_Work request:_ Pictures in the data should be dropped; transcribe exactly the lines from the one that has "Óleo / Lienzo" through the one that has "A study investigates".

_Data supplied:_
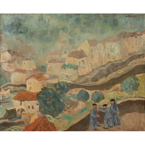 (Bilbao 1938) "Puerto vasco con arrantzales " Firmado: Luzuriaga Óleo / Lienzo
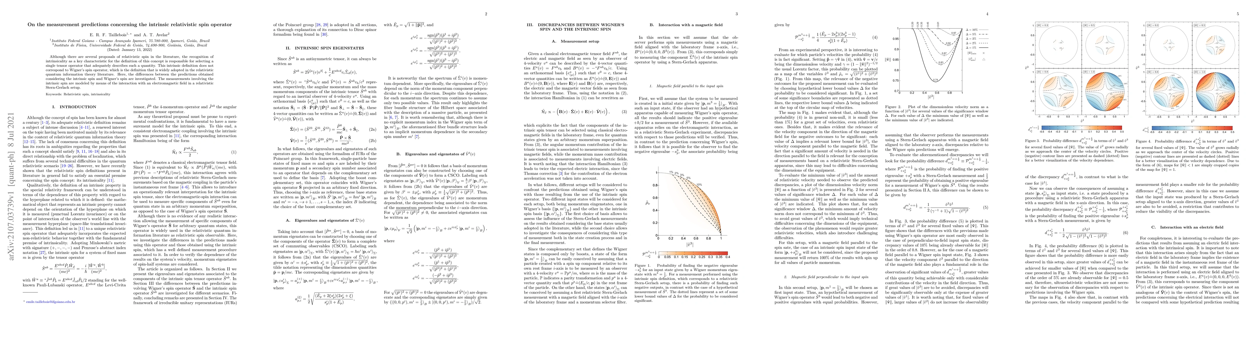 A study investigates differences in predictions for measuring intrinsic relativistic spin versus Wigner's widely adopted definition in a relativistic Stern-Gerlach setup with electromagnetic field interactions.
==
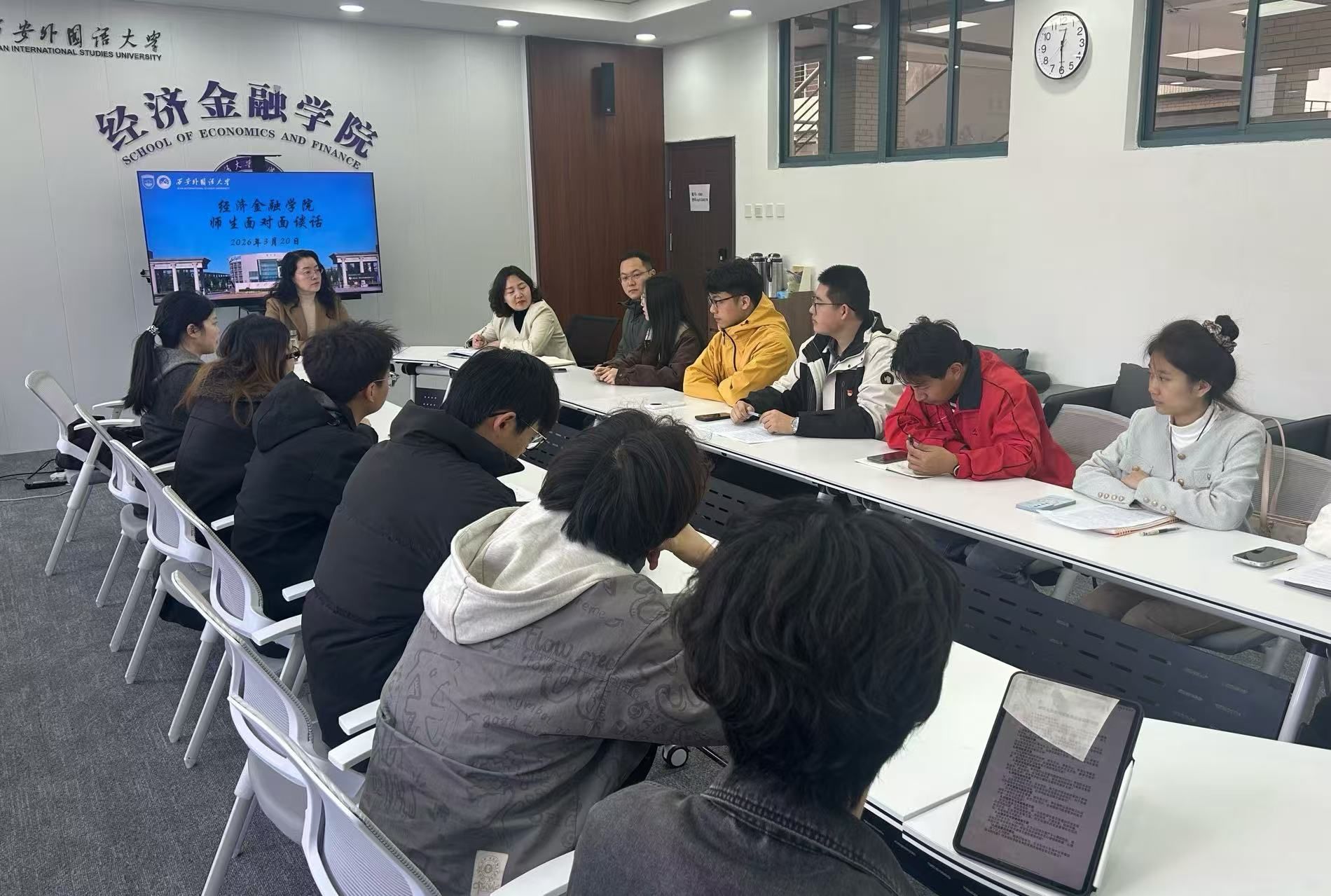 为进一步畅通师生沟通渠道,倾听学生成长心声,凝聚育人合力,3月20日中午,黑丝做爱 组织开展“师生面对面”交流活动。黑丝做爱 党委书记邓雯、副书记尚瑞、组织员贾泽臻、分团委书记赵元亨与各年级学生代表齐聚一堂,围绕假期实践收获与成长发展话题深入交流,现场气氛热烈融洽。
...
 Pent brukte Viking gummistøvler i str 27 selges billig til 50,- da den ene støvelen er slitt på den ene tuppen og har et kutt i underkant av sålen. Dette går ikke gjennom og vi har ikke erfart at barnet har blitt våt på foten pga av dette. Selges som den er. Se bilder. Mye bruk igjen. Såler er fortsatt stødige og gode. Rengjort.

_Response area:_
 (Bilbao 1938) "Puerto vasco con arrantzales " Firmado: Luzuriaga Óleo / Lienzo
 A study investigates differences in predictions for measuring intrinsic relativistic spin versus Wigner's widely adopted definition in a relativistic Stern-Gerlach setup with electromagnetic field interactions.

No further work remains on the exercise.